Work required
Copy the lines below exactly, starting with the first and finishing with the one holding "كما يمكنك في"; do not copy the pictures.

Data extract
━━━━━━━━

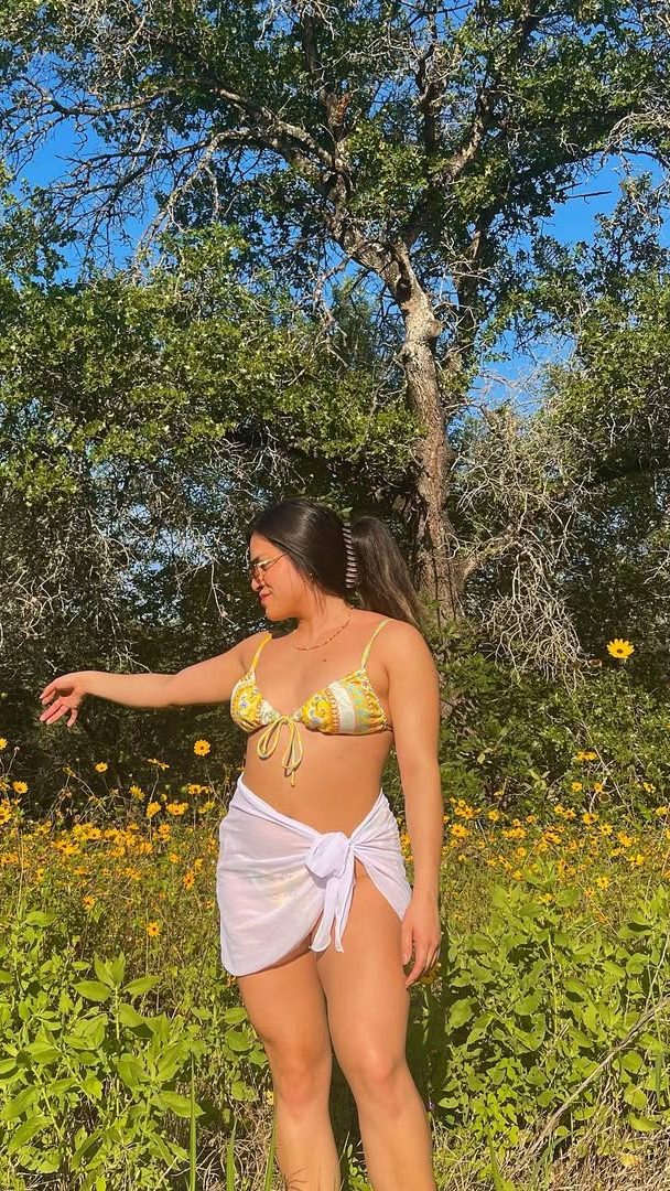 Your bright yellow bathing suit pops against turquoise waters in Maui. A breezy floral sarong wraps around your waist as you walk to grab another round of coconut drinks.
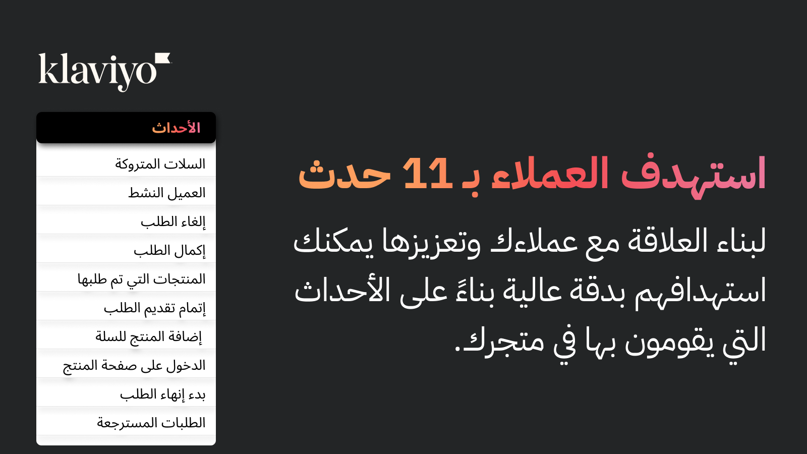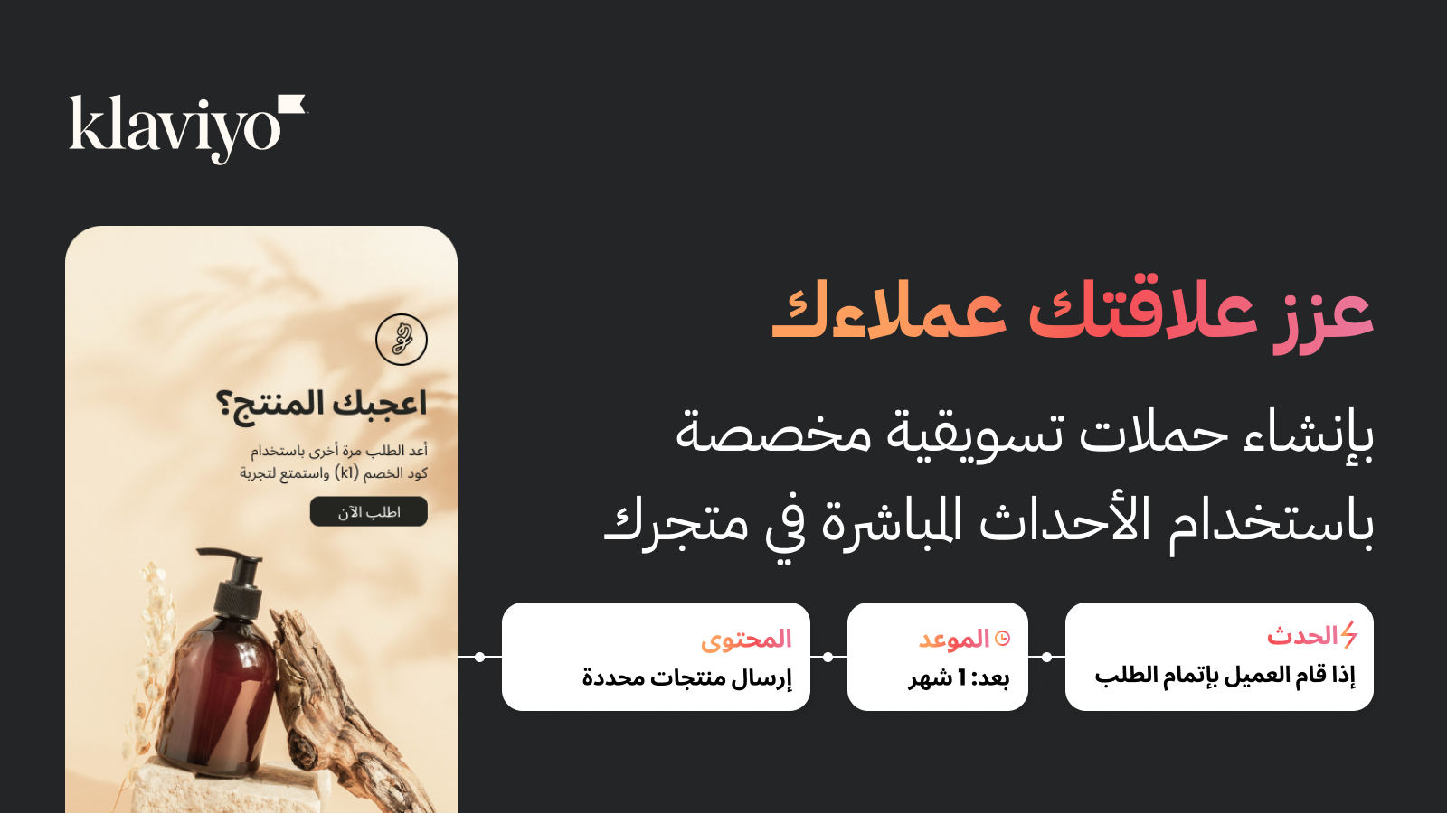 كما يمكنك في كلافيو تحديد قواعد وأتمتة متعددة تعتمد على أحداث مثل إكمال الطلب أو إلغاءه أو حتى زيارة منتج معين، مما يمنحك مرونة عالية في تصميم حملات متجاوبة مع احتياجات كل عميل بدقة.
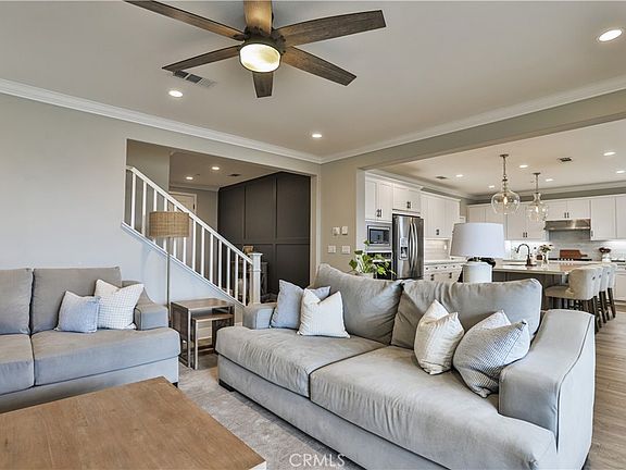 Enjoy the resort-style amenities in the community of Bedford in South Corona. This premium, larger view lot, has 4 bedrooms plus a loft/media room, is fully detached with no common walls, a beautiful modern open kitchen, perfect for hosting and entertaining, shutters throughout, upgraded and additional cabinets added, upgraded luxury vinyl plank flooring, upgraded countertops and tile, custom closets, two customized walk-in primary closets, crown molding, epoxied 3-car garage floors, overhead garage storage racks, enclave outdoor patio with fireplace, custom BBQ island with beverage refrigerator and storage, pet-friendly turf in the backyard, tankless water heater, and seller-paid solar panels. Over $100,000 in upgrades for you to appreciate. Walking distance to the Hudson House and The Shed, Bedford’s community centers where you can swim, gather, play in the parks and playgrounds, go to the gym, BBQ with your friends, take your dog to the park and wash, or enjoy the various community trails. Easy access to the 15 freeway, close to shopping, restaurants, social and lifestyle amenities.

━━━━━━━━

Answer section
 Your bright yellow bathing suit pops against turquoise waters in Maui. A breezy floral sarong wraps around your waist as you walk to grab another round of coconut drinks.
 كما يمكنك في كلافيو تحديد قواعد وأتمتة متعددة تعتمد على أحداث مثل إكمال الطلب أو إلغاءه أو حتى زيارة منتج معين، مما يمنحك مرونة عالية في تصميم حملات متجاوبة مع احتياجات كل عميل بدقة.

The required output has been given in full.